The research, by trade organisation RenewableUK, found that the total capacity ‘pipeline’ – projects that are operating, under construction or in planning – has grown to nearly 33GW.
The total figure is up by 3GW on last year. If every project in the pipeline goes ahead, the UK would hit 30GW by 2030 – more than double the current operational capacity of 13.9GW. The entire pipeline of 33GW could power more than 21m homes all year round, playing a significant role in decarbonising the grid.
The onshore pipeline is roughly half of the offshore pipeline, however, A government ban held back new onshore projects for much of the 2010s, and was only overturned last year.
Earlier this month, RenewableUK published a report showing that doubling onshore wind capacity could reduce consumer bills by £16.3bn over the decade, an annual saving of £25 for every household. It could also generate £45bn of economic activity and create 27,000 full-time jobs.
Despite the promising figures, the report found the UK is currently consenting less than half the annual capacity needed to reach the Climate Change Committee target of 35GW by 2035. Just over 600MW a year is being approved, much less than the 1,250MW needed to stay on course.
RenewableUK CEO Dan McGrail said: “The government’s new net zero strategy specifically calls for more onshore wind to be installed in the 2020s and beyond, to help to enable the UK to be powered entirely by clean electricity by 2035.
“As our latest Onshore Wind Project Intelligence report shows, we have a pipeline of projects which can help the UK to reach net zero as fast as possible – and at the lowest cost to consumers, as this is one of the cheapest ways to generate new power.
“But to achieve this we need planning systems in place in all four UK nations which reflect the consistently high level of public support for this technology, and allow projects to go ahead where they have a majority of local support. This must include encouraging the repowering of older onshore wind projects as they reach the end of their lifespan with taller, even more efficient turbines. At the moment, less than half the annual onshore wind capacity we need to stay on track to meet our climate change targets is being consented.

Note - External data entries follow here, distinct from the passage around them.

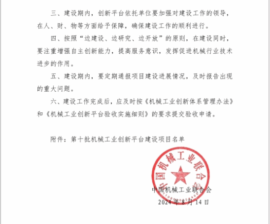 五、公司首次获批机械工业创新平台建设项目,连续两年获批国家自然科学基金青年基金项目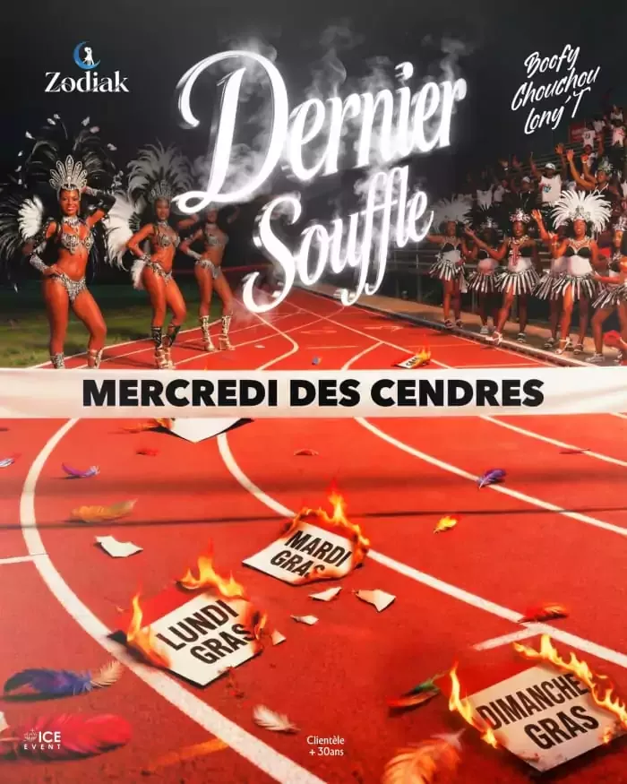 DERNIER SOUFFLE Ce Mercredi 18, le carnaval touchera a sa fin mais il restera assez d'energie pour une derniere nuit Plumes rangees, Couleurs eteintes, Place au noir & blanc Une derniere danse, Une derniere montee, Un dernier souffle avant le calme avec CHOUCHOU o BOOFY o LONY'T Recupere tes places ici Si tu dois sortir une derniere fois... c'est celle-la Le Zodiak, Centre commercial la Veranda, Fort-de-France, 0696 05 15 31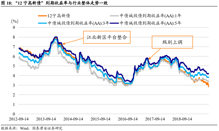 江北新区平台企业的债券收益率走势与行业整体趋势保持一致,整合的影响或很小。尽管相关主体的级别发生过上调,但从债券收益率走势看,“12宁高新债”收益率变化情况与行业整体走势基本一致,在整合时点和级别上调时点收益率未发生偏离趋势的情况(其他主体的债券有类似表现),平台整合对相关主体债券的二级市场估值未产生影响。
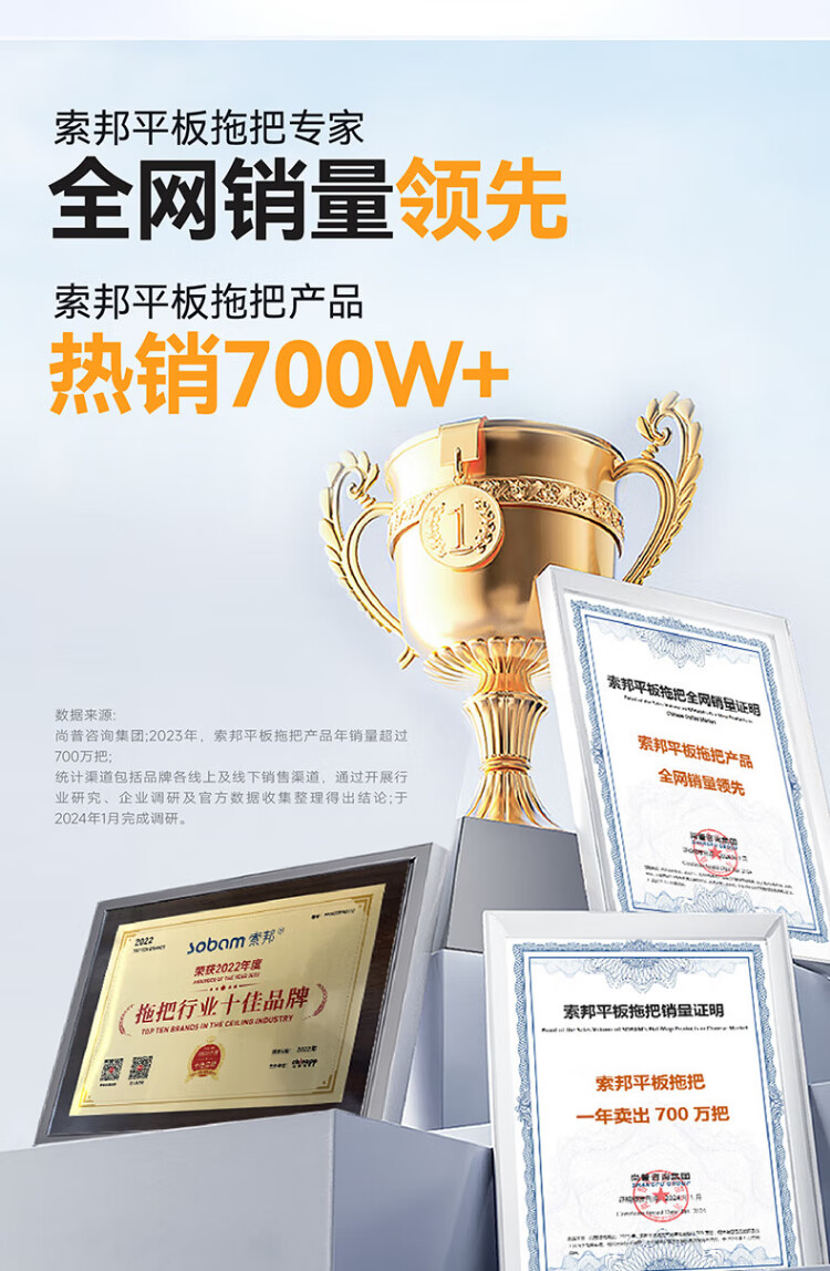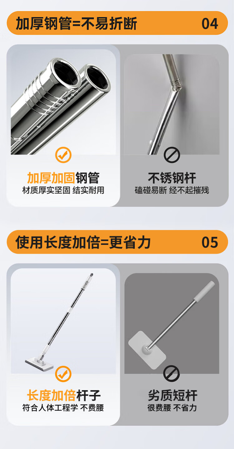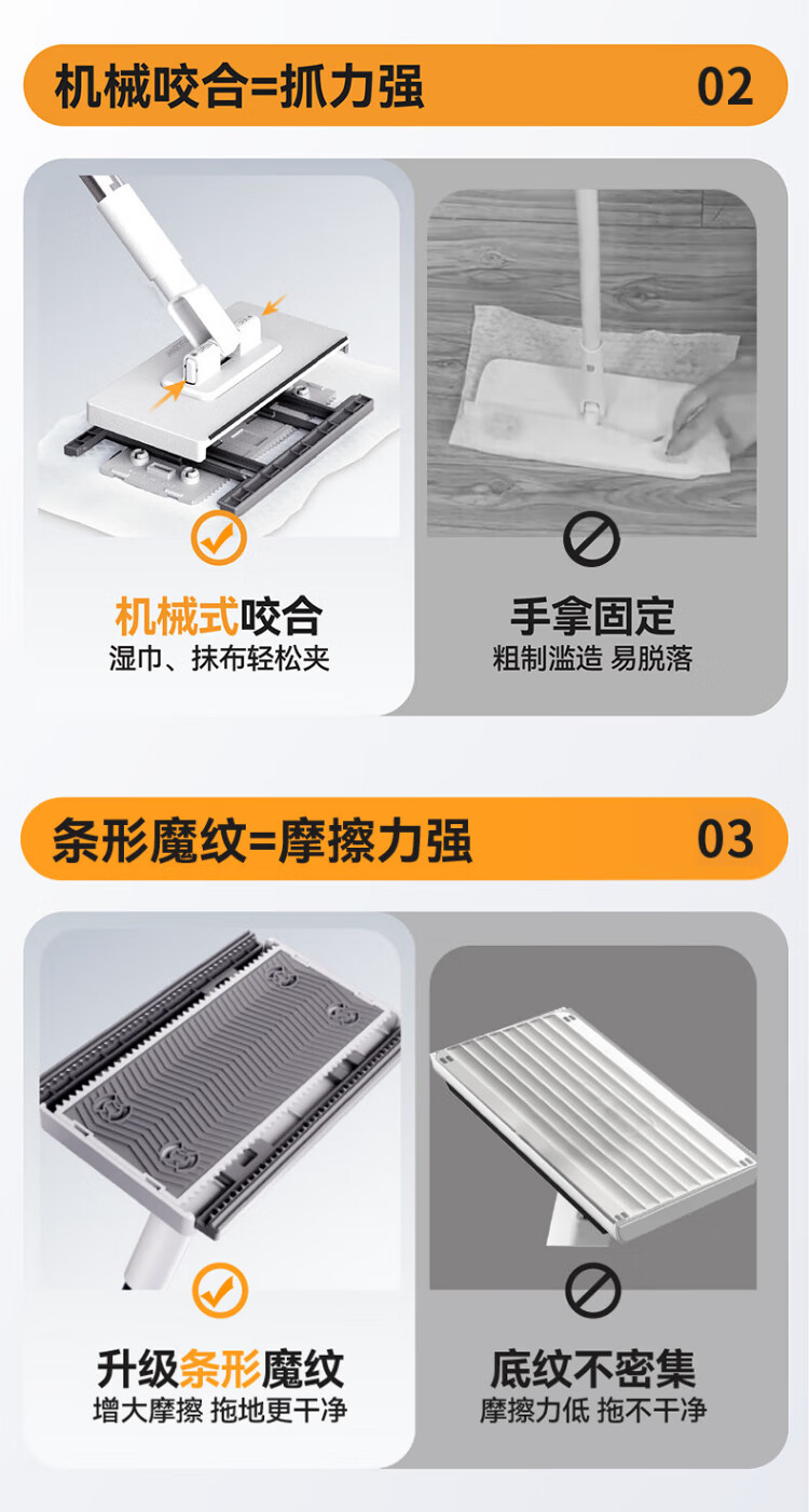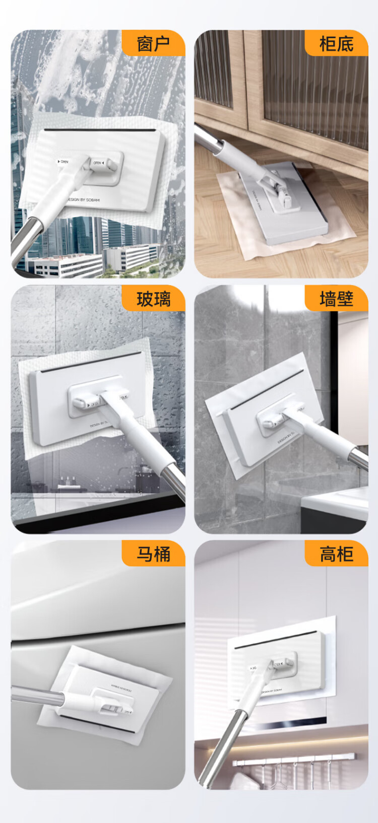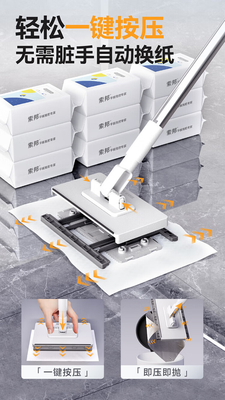 Sorbonne face towel flat mop 16cm telescopic pole 120cm household hand-free lazy mopping artifact clip cloth mop

“In December, onshore wind will be competing for contracts to generate clean power for the first time in five years. To maximise job creation and investment, we need to move from holding auctions every two years to annual auctions, framed by a government target to 30GW of onshore wind by 2030. Doing this would show great leadership in tackling climate change at a time when the UK has an unprecedented international platform at Cop26”.